== Work instruction ==
Write out exactly the lines from the one that contains "In a perfect" down to the last line of the material below, keeping both ends and omitting pictures.

== Supplied data ==
______
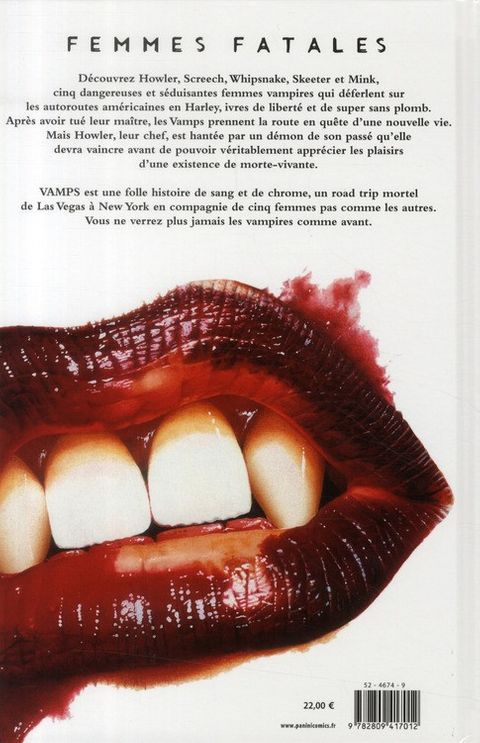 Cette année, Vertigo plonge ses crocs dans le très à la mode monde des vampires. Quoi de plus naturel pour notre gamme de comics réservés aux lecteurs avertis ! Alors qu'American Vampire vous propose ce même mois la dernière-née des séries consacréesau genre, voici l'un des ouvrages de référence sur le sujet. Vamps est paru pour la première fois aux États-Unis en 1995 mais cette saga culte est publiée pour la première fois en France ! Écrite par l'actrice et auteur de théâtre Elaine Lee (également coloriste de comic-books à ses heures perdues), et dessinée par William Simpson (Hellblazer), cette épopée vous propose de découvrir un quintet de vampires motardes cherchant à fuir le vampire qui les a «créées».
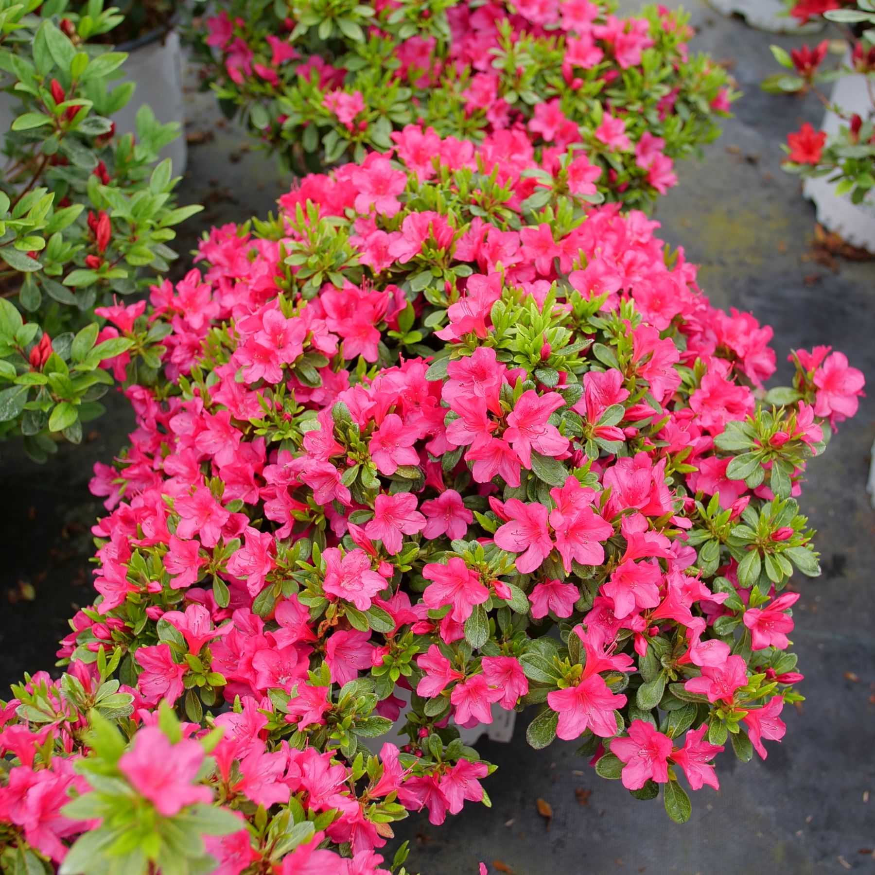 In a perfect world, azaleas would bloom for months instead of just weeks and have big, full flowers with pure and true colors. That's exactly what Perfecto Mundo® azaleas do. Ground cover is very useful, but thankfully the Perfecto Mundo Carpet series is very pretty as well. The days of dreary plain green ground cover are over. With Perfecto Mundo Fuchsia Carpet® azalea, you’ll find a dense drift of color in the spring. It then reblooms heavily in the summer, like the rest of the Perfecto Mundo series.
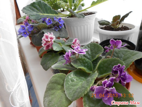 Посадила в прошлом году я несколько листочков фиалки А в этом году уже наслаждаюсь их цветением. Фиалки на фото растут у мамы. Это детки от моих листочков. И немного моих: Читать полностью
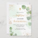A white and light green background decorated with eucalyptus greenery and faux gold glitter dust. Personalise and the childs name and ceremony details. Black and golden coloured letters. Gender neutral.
______
== Solution for this task ==
 In a perfect world, azaleas would bloom for months instead of just weeks and have big, full flowers with pure and true colors. That's exactly what Perfecto Mundo® azaleas do. Ground cover is very useful, but thankfully the Perfecto Mundo Carpet series is very pretty as well. The days of dreary plain green ground cover are over. With Perfecto Mundo Fuchsia Carpet® azalea, you’ll find a dense drift of color in the spring. It then reblooms heavily in the summer, like the rest of the Perfecto Mundo series.
 Посадила в прошлом году я несколько листочков фиалки А в этом году уже наслаждаюсь их цветением. Фиалки на фото растут у мамы. Это детки от моих листочков. И немного моих: Читать полностью
A white and light green background decorated with eucalyptus greenery and faux gold glitter dust. Personalise and the childs name and ceremony details. Black and golden coloured letters. Gender neutral.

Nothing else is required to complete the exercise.